Summary
In the sunny seaside town of Nice, wealthy tourists enjoy the luxury hotels and gambling
casinos. Scarcely noticed are the local working class people who clean the
streets and prepare for the town's annual carnival.
Review
Limited financial resources more or less compelled Jean Vigo to begin his film-making
career with this short documentary film. A propos de Nice is not Vigo's most
ambitious work but it is striking how much of his own personality and view of life emerges
from this short but hugely impressive work. Assisted by a very gifted camera
operator, Boris Kaufman, Vigo presents a unique portrait of the town he grew to love whist
convalescing from his recurring respiratory problems.
Vigo himself described the film as a social documentary, but it is clear to anyone watching
the film that it is much more than that. The way in which Vigo contrasts the
wealthy elite with the poor working class clearly shows where his sympathies lay.
With some brilliant satirical touches, he ridicules his "social superiors", even contrasting
them with wild animals (a self-important ostrich and viciously snapping crocodiles).
Indeed some of the intrusive shots and awkward camera angles give the impression that
Vigo is making a nature film, secretly spying on the exploits of some unfamiliar species
of animal. All this goes to emphasise the extent to which he felt excluded
from the kind of world he is filming in A propos de Nice.
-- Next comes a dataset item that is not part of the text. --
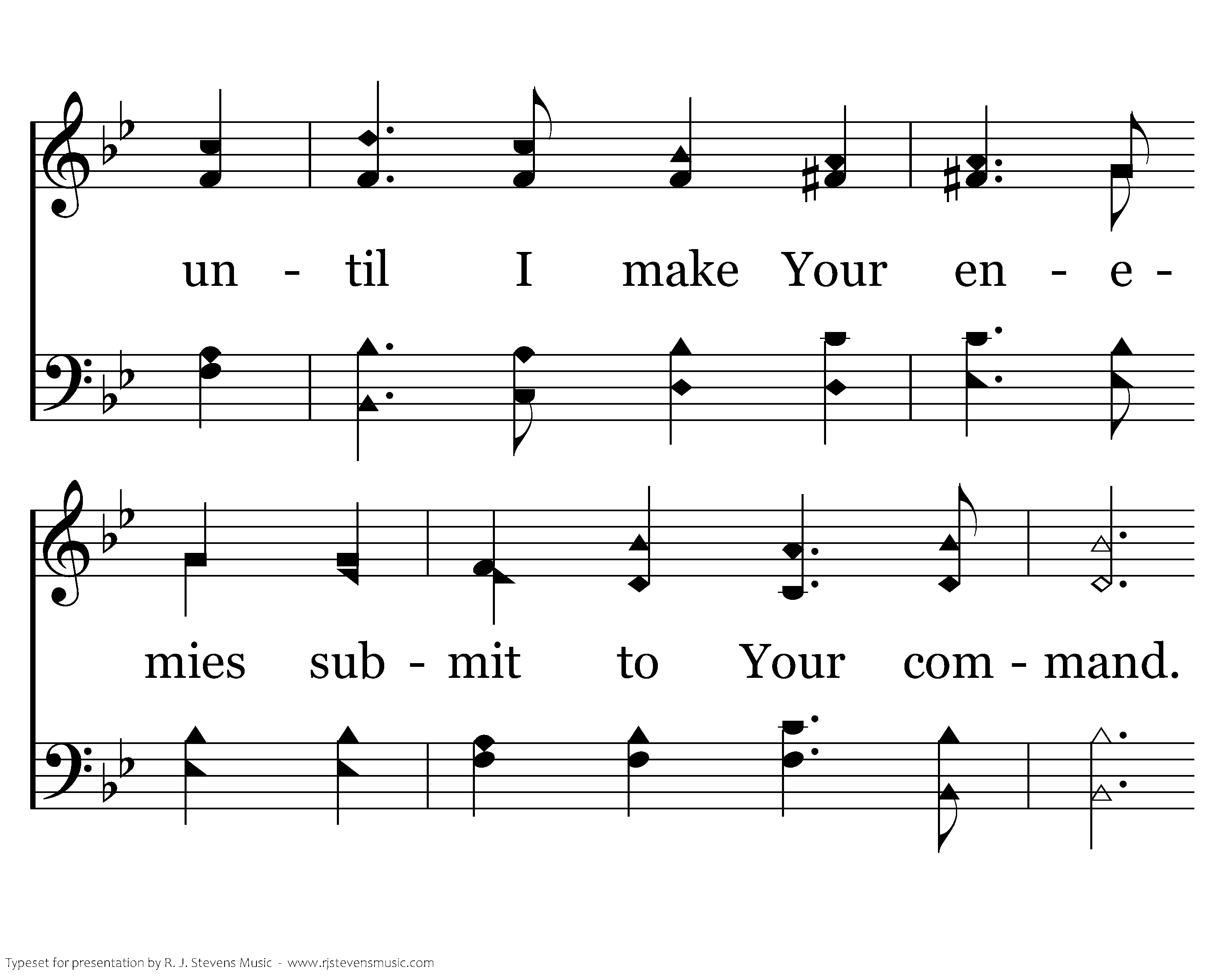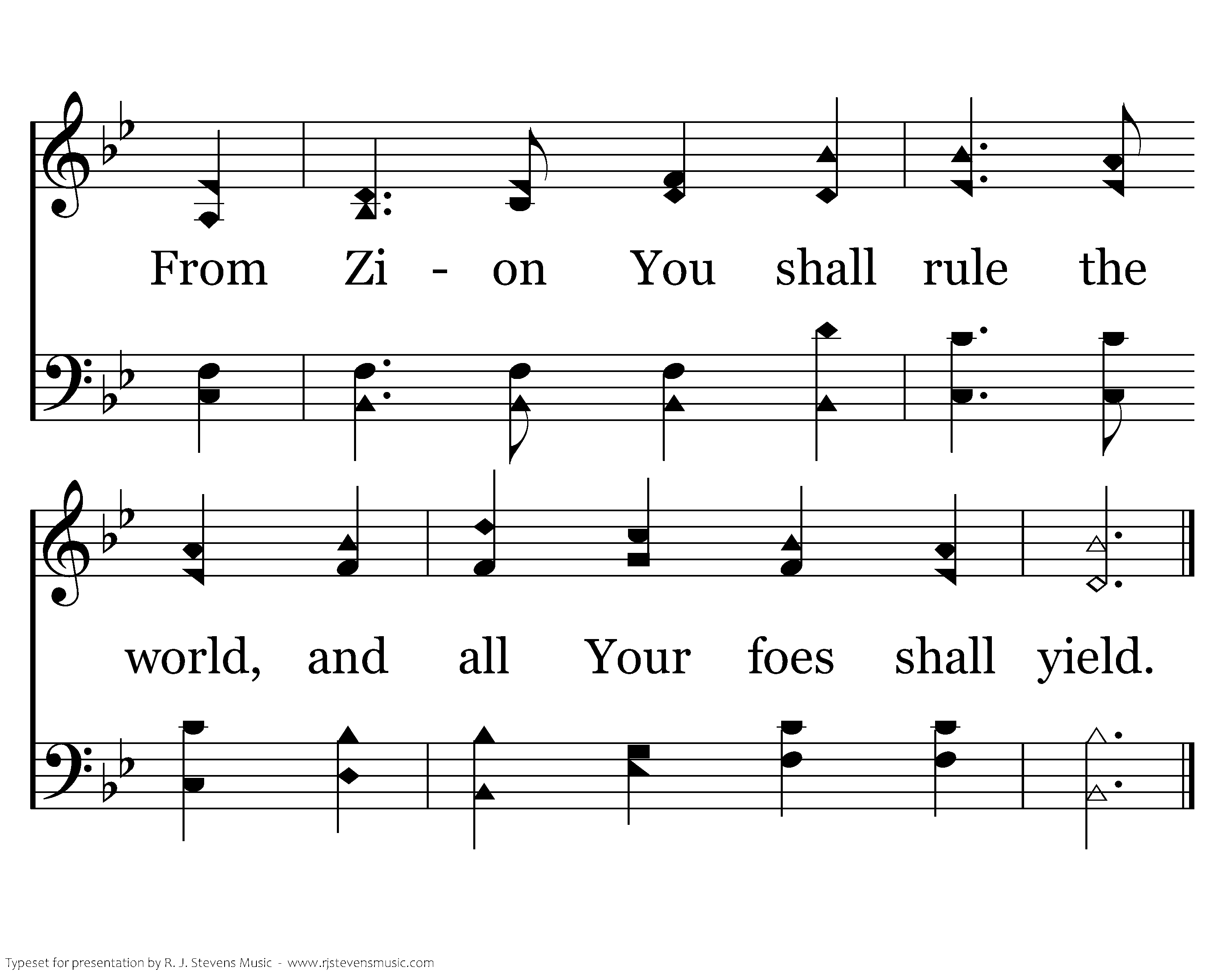 The LORD unto my Lord has said, "Sit here at my right hand until I make Your enemies submit to Your command. A scepter prospered by the LORD Your mighty hand shall wield; From Zion You shall rule the world, and all Your foes shall yield.

The film's last few minutes convey a darker message, however, and one which illustrates
both Vigo's creative vision and the intensity of his emotional involvement with the subject
of his film. The final image is one of a furnace disposing of the discarded
remains of the Nice carnival. This comes immediately after protracted scenes of
hedonistic revelry set during the carnival. Vigo has apparently widened the scope
of the film into a brutal condemnation of any form of corporeal excess. A life of
grotesque overindulgence deserves to be followed by a protracted stay in Hell.
Vigo is not just angry with social divisions and the complacency of the idle rich; he
is positively seething with a bearly controllable sense of social injustice.
A propos de Nice is not so much a documentary about Nice, but more a brilliantly
crafted assault on everything that the young debutant film-maker Jean Vigo hated.
It is witty, it is charming, but it is also dangerously subversive.